Permale

Dal numero di giugno Fuori Binario dedicherà una pagina alle politiche securitarie che a Firenze, e non solo, colpiscono i poveri e non la povertà, gli oppositori politici e non chi ammaestra la narrazione dominante per conservare il Potere. Sarà curata dal professore di diritto Alessandro Simoni, presidente dell’associazione Periferie al centro che edita il giornale, e dall’avvocato Giacomo Pailli. Le politiche del “decoro”, qualsiasi cosa voglia dire, sono mutuate dal mito americano della “tolleranza zero”, nascono dalla rinuncia a governare la complessità tramite istituti come il welfare e la sicurezza sociale – fondati sull’espansione di diritti come la casa, il lavoro, la sanità e l’istruzione -, e privilegiano una “meritocrazia” basata sul denaro e l’appartenenza alle classi sociali benestanti.

Sono politiche cariche di stigma e pregiudizio verso chi è costretto ai margini; che instaurano la paura per il “diverso” e per chi non è “normale” nelle persone prive di strumenti interpretativi; che portano, senza resistenze, gli amministratori pubblici sempre più lontano dai princìpi della Costituzione.
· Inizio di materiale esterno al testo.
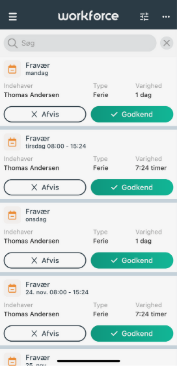 Fra Anmodninger kan du håndtere medarbejdernes anmodninger om vagter og fravær. Anmodningerne kan du se i en liste, og har du behov for at filtrere på enten vagter eller fravær, kan du gøre det ved at trykke på søge-ikonet nederst og herefter vælge filteret. Herfra vil det også være muligt at søge fx på et medarbejdernavn:
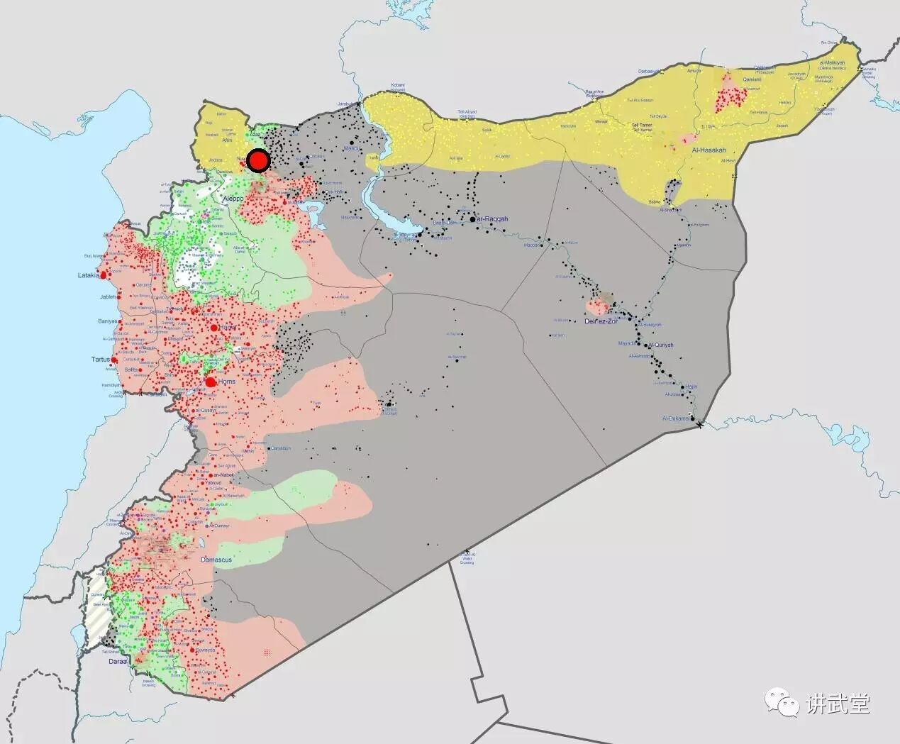 今年中的叙利亚局势图,图片上方黑边红点就是阿勒颇。虽然该城的问题暂时解决,但地中海东部周围仍然是充满矛盾的火药桶,未来必然持续爆发战争。
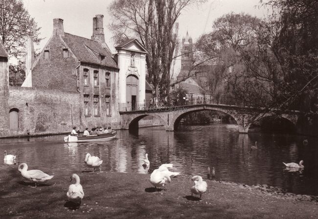Een rondvaartbootje passeert op het Minnewater te Brugge.Op de achtergrond de Sint Salvator kerk.

Per approfondire il tema suggeriamo di tornare indietro con la memoria partendo da due parole chiave che a Firenze hanno fatto storia: “lavavetri” e “fioriere”. Due termini su cui prima Graziano Cioni e poi Dario Nardella hanno costruito in parte la loro fortuna politica. Vi consigliamo anche la lettura di due testi importanti: “La buona educazione degli oppressi. Piccola storia del decoro” di Wolf Bukowski, e “Contro il decoro. L’uso politico della pubblica decenza” di Tamar Pitch.

Bukowski racconta come da anni sia in corso “Una guerra, combattuta tra le strade delle città, contro poveri, migranti, movimenti di protesta e marginalità sociali. Le sue armi sono decoro e sicurezza, categorie diventate centrali nella politica. Lo scopo è cancellare ogni riferimento di classe per delimitare un dentro e un fuori, in cui il conflitto non è tra sfruttati e sfruttatori ma tra noi e loro, gli esclusi, che nel neoliberismo competitivo da vittime diventano colpevoli: povero è chi non si è meritato la ricchezza. Il mendicante che chiede l’elemosina, il lavavetri ai semafori, il venditore ambulante, il rovistatore di cassonetti, sono dipinti come minacce al quieto vivere”.
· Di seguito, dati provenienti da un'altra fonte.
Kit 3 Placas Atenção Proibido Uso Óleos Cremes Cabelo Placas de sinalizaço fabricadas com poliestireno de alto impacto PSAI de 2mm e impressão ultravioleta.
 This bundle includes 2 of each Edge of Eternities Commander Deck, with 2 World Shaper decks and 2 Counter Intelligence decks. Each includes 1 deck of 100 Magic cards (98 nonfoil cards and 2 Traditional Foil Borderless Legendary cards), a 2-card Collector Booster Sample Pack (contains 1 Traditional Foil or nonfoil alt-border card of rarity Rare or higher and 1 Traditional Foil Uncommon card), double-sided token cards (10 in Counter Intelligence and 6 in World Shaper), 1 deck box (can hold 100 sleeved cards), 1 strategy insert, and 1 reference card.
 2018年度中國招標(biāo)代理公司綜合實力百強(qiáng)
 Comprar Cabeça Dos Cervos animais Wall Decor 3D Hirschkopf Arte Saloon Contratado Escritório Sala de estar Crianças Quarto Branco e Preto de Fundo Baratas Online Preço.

Pitch definisce invece il decoro “come ciò che viene proposto e imposto a un ceto medio impoverito e impaurito e a tutti coloro i cui desideri e passioni non sono incanalabili verso il consumo di merci. Il decoro giustifica politiche nazionali e locali volte a tenere a bada i giovani, le donne, i migranti, e a indirizzare paure e scontento. Il decoro distingue tra perbene e permale”.
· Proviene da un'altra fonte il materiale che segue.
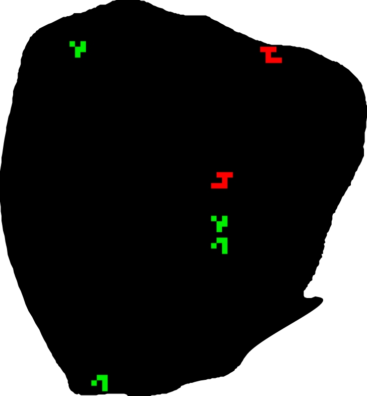 В общем... Вообще... Я нашёл базовую, нулевую, стартовую компазицию. Стартовый патерн в 316 итерации завершающийся столкновений яблок падающих с двух сторон земли друг в дружку... Он выглядит элементарно. Циферка габорита 3х5 одна из 10 известных в окружении 3 плюсиков.
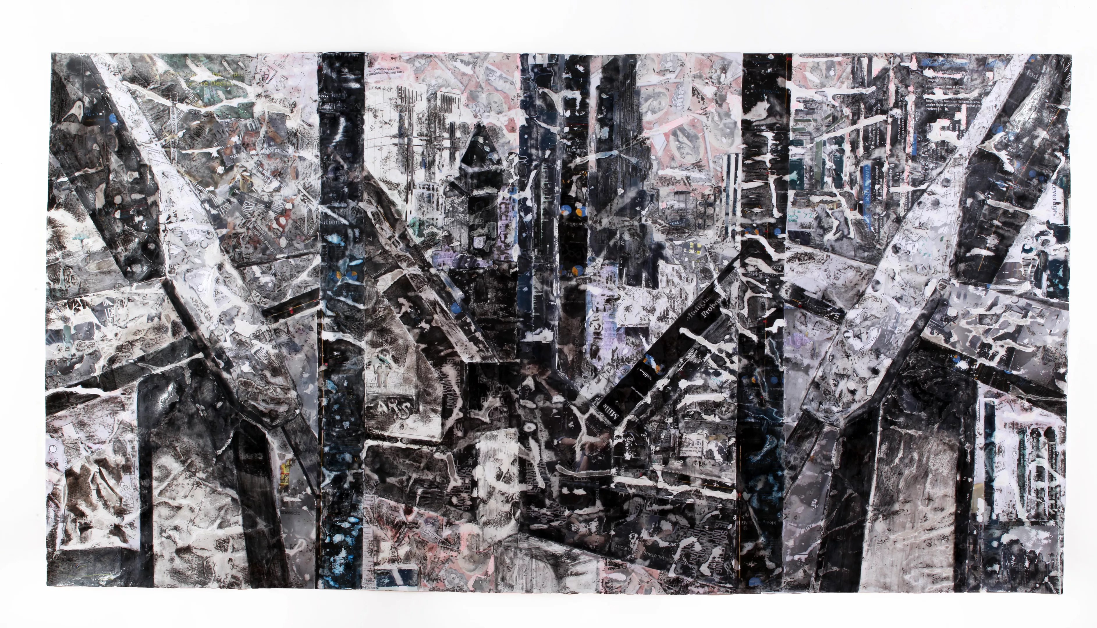 Margaret Lawless also messes with photos and uses them as the basis for her pieces, but she does something completely different. Instead of looking for anonymous amateur photos like Patton does to serve as source materials, Lawless aims higher, using the famous photos of New York taken by Berenice Abbott in the 1930s when she was working for the Federal Art Project of the WPA. Lawless translates the Abbott imagery into layered paintings that incorporate collage.
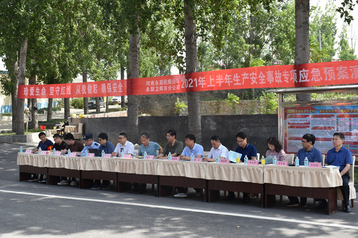 今年6月是全國第20個“安全生產(chǎn)月”,為進(jìn)一步牢固樹立以人為本、安全發(fā)展的理念,防范化解重大風(fēng)險(xiǎn)、及時(shí)消除安全隱患、有效遏制生產(chǎn)安全事故,2021年6月18日,河南省永聯(lián)民爆器材股份有限公司與永聯(lián)衛(wèi)輝市分公司聯(lián)合開展以“落實(shí)安全責(zé)任,推動安全發(fā)展”為主題的專項(xiàng)應(yīng)急演練。公司特邀省委軍民融合辦二級巡視員張衛(wèi)東,民爆局局長王玉生以及新鄉(xiāng)市工信局、衛(wèi)輝市工信局等單位領(lǐng)導(dǎo)蒞臨現(xiàn)場觀摩指導(dǎo)。

Conclude Bukowski “A essere perseguita non è la sicurezza sociale, di welfare e diritti, ma quella che dietro la retorica del decoro assicura solo la difesa del privilegio. Sotto la maschera del bello vi è la messa a reddito: garantire profitti e rendite tramite gentrificazione, turistificazione, cementificazione, foodificazione”. Vi ricorda una città in particolare?